Part 1: code (2 points)

First, get code() working and debugged.

The input to code() is an array of characters from the set {a, c, t, g}. Only the first 3 characters (corresponding to a codon) of the input array will be used. The output (or return value) is an integer between 0 and 63. For example, if the first three characters of the array are aaa, return 0. If the input is aac, return 1. If the input is aag, return 2. If the input is ttg, return 62. If the input is ttt return 63.

It will be helpful to think of the three characters (codon) as an integer represented in base 4, with the mapping a=0, c=1, g=2, and t=3. Your job is to convert this to a C integer. This is analogous to converting between the base 4 and base 10 representations of an integer.

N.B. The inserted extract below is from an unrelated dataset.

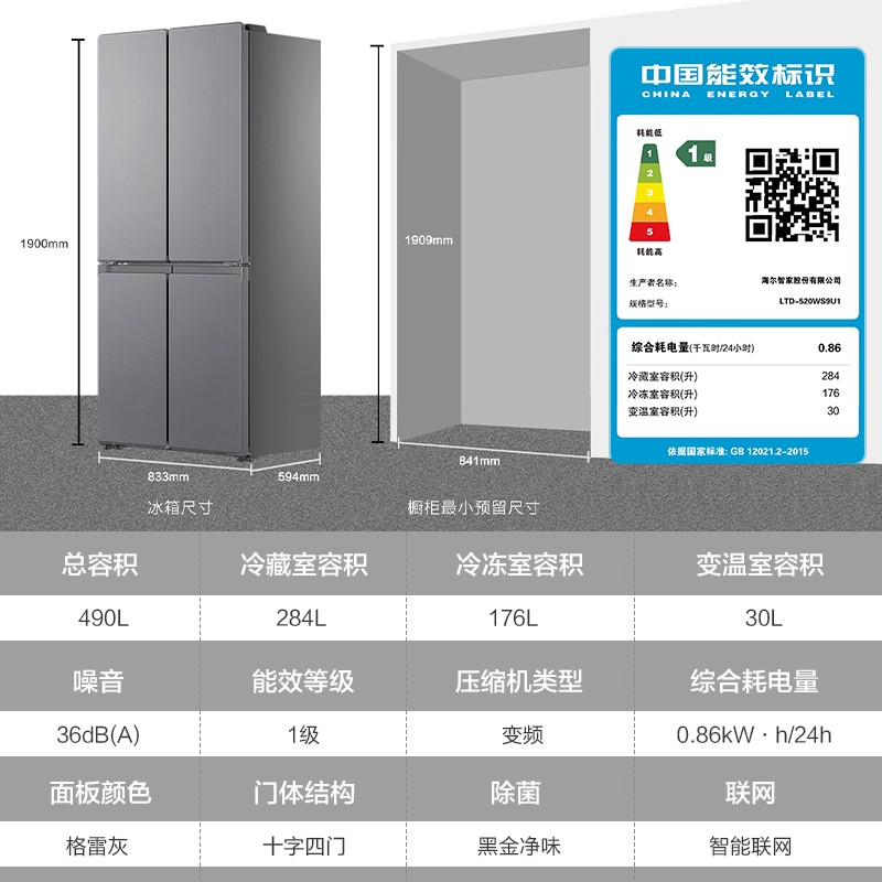 以旧换新补贴海尔539L十字双开四门一级能效无霜电冰箱家用大容量

To get started, you may want to write a small helper function char_to_int() that converts a character into an integer: a to 0, c to 1, g to 2, and t to 3.

One approach for debugging the code() function is to first comment out the portion of code that prints out the results, and replace it with printf statements like the following:

printf("%d %d\n", code("att"), code("gct"));

You should get the following output:

15 39

Part 2: decode (2 points)

Now, get the decode() function working and debugged.

The input is an integer between 0 and 63. The function does not produce any output. Instead, it prints to the screen the 3 characters corresponding to this integer (see above).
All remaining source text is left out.